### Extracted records
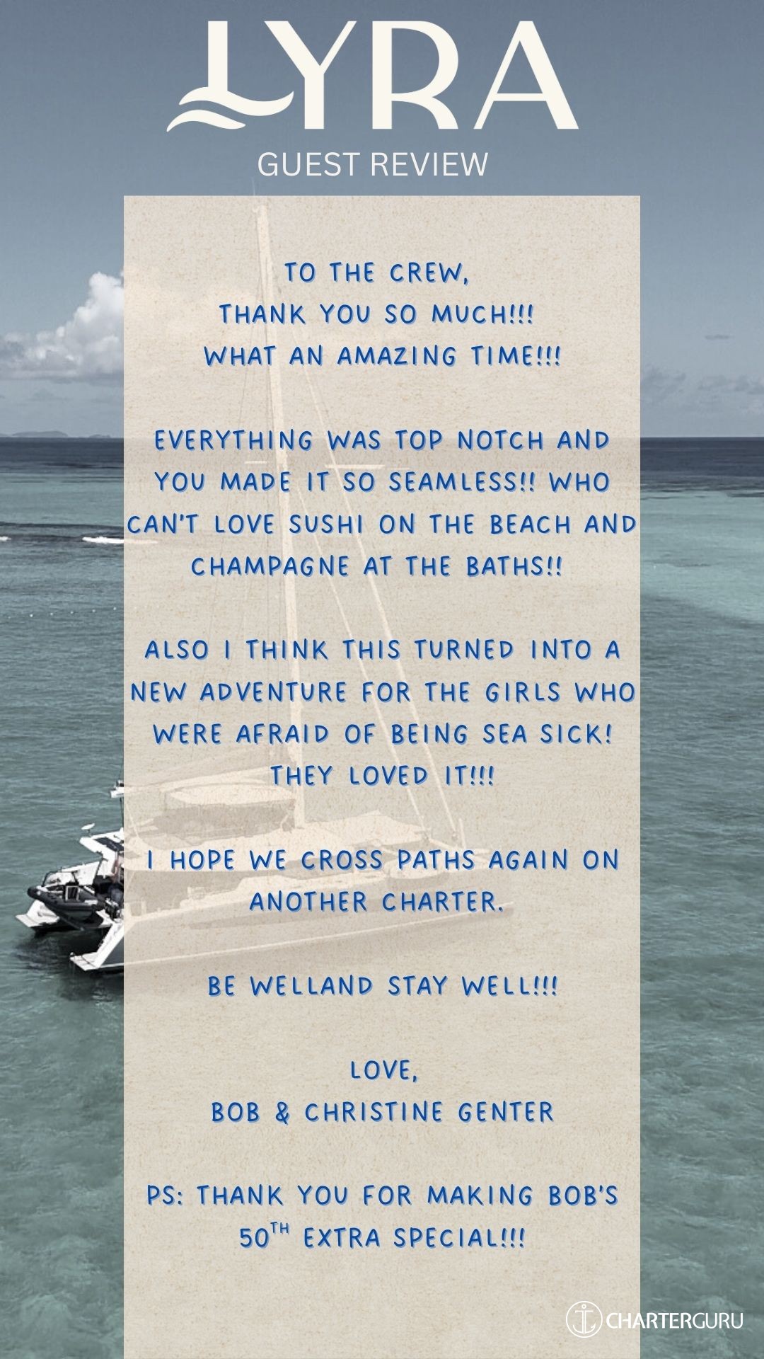 We adore the Lyra crew and we recommend her to everyone!
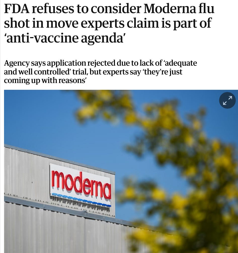 A senior US Food and Drug Administration (FDA) official says Moderna’s clinical trial on a new, potentially more effective flu vaccine was a “brazen failure” and that the FDA is now calling it into question.
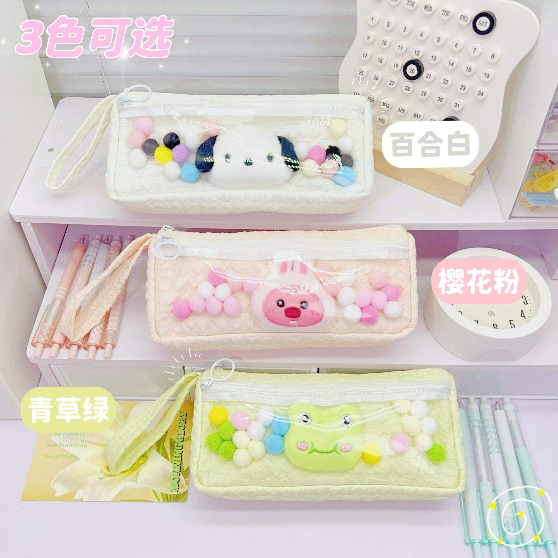 简约小清新学生用文具收纳袋卡通可爱高颜值帕恰狗透明大容量笔袋
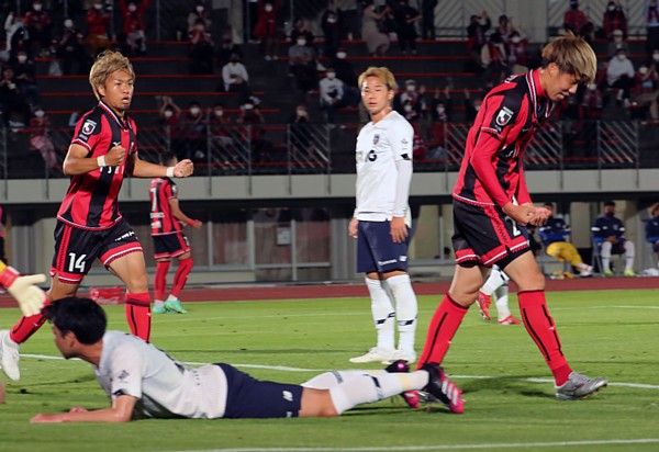 上:下段写真/前半14分、キャプテンマークを巻いた東京DF渡辺剛がシュートの時よりも高いのではと思わせるジャンプで喜びを表現、その右MF青木(21番)、右端ぼう然とする札幌DF田中(2番)、その奥GK菅野。他の選手は左から東京DF岡崎(29番)、札幌MF菅(4番)、DF宮澤、東京FW高萩(8番)
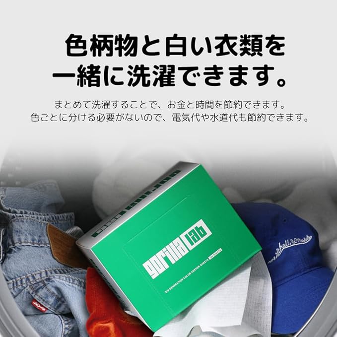 Gorillaラボのカラー吸収ランドリーシートを使用すると、色物と白い服を分けずに一緒に洗濯できるので、水と電気を節約しつつ、洗濯がより簡単になります。このシートは染料のにじみを吸収し、衣服の元の色を維持して、鮮やかで明るい状態に保ちます。
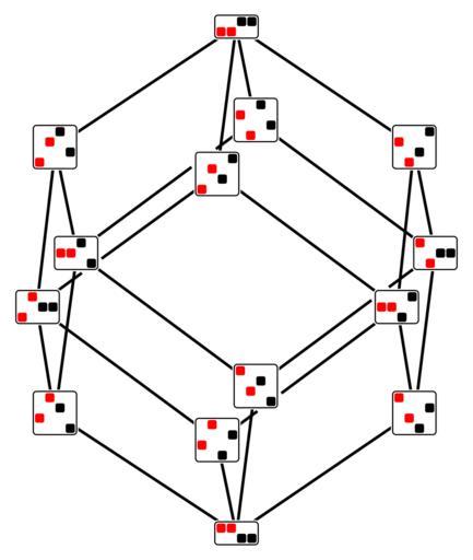 Predicate logic; 4 variables; implications lattice; ordered partitions; 1100.svg (245x290)

### What is needed
Retype word for word the span of lines above that begins with the line containing "简约小清新学生用文具收纳袋卡通可爱高颜值帕恰狗透明大容量笔袋" and ends with the last line of the records; skip all pictures.

### Finished task
 简约小清新学生用文具收纳袋卡通可爱高颜值帕恰狗透明大容量笔袋
 上:下段写真/前半14分、キャプテンマークを巻いた東京DF渡辺剛がシュートの時よりも高いのではと思わせるジャンプで喜びを表現、その右MF青木(21番)、右端ぼう然とする札幌DF田中(2番)、その奥GK菅野。他の選手は左から東京DF岡崎(29番)、札幌MF菅(4番)、DF宮澤、東京FW高萩(8番)
 Gorillaラボのカラー吸収ランドリーシートを使用すると、色物と白い服を分けずに一緒に洗濯できるので、水と電気を節約しつつ、洗濯がより簡単になります。このシートは染料のにじみを吸収し、衣服の元の色を維持して、鮮やかで明るい状態に保ちます。
 Predicate logic; 4 variables; implications lattice; ordered partitions; 1100.svg (245x290)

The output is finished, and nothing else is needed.